Хозяин открыл рот от удивления. Ни один человек, а этот московский хмырь всего лишь майор, не посмел бы разговаривать с ним в таком тоне. Анатолий Васильевич поднялся на ноги, чувствуя слабость в коленях.
— Я попросил бы вас не забываться…
— Пошел в задницу, — Азаров бросил на стол наручники и скомандовал. — Я тебя забираю с собой. Надевай. Живо.
— Но вы же обещали, — промямлил хозяин. — Дали слово офицера. Ваше слово — гранит. Вы порвали постановление.
— Не беда, — зло усмехнулся Азаров. — У меня еще одна бумажка в запасе. Подписанная тем же судьей. Прочитай и распишись.
— Но как же так…
— Сам во всем виноват, урод. Легче обезьяну трахнуть, чем с тобой поговорить. В жопу тебя.
Он бросил на стол еще одно постановление и вложил в ладонь хозяина ручку.
— В таком случае… Я не стану ничего подписывать.
Азаров выпучил глаза, будто Ефимов оскорбил его последними словами, распахнул дверь, позвал из коридора двух дюжих оперов, которых привез из Москвы.

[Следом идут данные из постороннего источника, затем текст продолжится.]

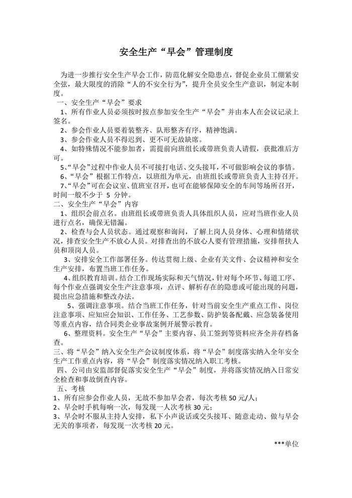 安全生產(chǎn)“早會(huì)”管理制度docx

И запер дверь на ключ.
— Я тут жопу рву, стараюсь дело раскрутить, — заявил Азаров, показывая пальцем на хозяина, — а этот гребаный придурок выгораживает убийц. Сраная задница, вот ты кто. Это у вас наследственное? Отвечай, я задал вопрос.
— Что наследственное?
— Твой отец был дегенератом? И мать тоже?
— Слушайте вы, майор… Как вас там, — щеки хозяина пошли багровыми пятнами, будто ему надавали пощечин. — Я полковник, я старше вас лет на двадцать. И не стану продолжать разговор в подобном хамском тоне. Вы от меня больше ни слова не услышите. Прямо сейчас я напишу жалобу прокурору по надзору. И меня никто не остановит.

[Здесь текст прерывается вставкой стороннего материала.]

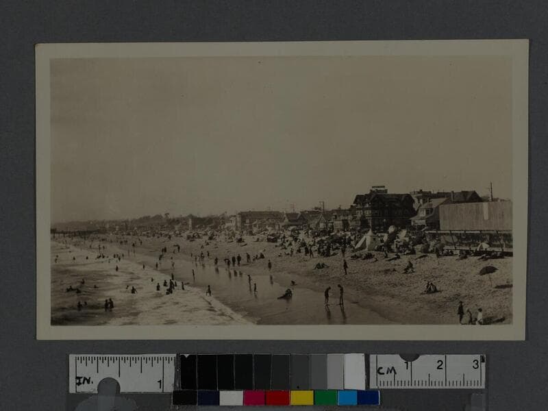 Image of people on the beach at Ocean Park in Santa Monica, California, in 1906, with beach houses and a boardwalk at left.

— Он убийц выгораживает? — один из оперов скинув пиджак, скомкав, швырнул его на широкий подоконник. Оставшись в майке с короткими рукавами, он, играя бицепсами, шагнул к хозяину. — Он что ли? Этот гад? Эта мразь?
Азаров подал голос:
— Парни, поговорите с ним. А я пока перекушу. С утра не жравши.
Ефимов прекрасно понимал, что действия следователя и его подручных это плохо срежиссированный и фальшиво исполненный спектакль. Его хотят просто припугнуть, морально сломать. Когда-то в молодые годы, он не раз присутствовал на допросах с пристрастием, знал их технологию. «Все это ерунда, — сказал себе Ефимов. — Я вытерплю побои, пусть куражатся. Так даже лучше. Пусть на моем теле останутся гематомы и ссадины. И прекрасно… Только себе хуже сделают, себя же в землю зароют. Потом под суд пойдут».
Но легче от этих мыслей не стало.
Опер занес кулак, будто хотел приложить хозяина по лицу, Ефимов поднял руки, чтобы защититься. Но в ту же секунду на него налетел второй опер, поставив заднюю подножку, толкнул в грудь, сбил с ног. Болевым приемом вывернул руку за спину, сжал кисть до хруста.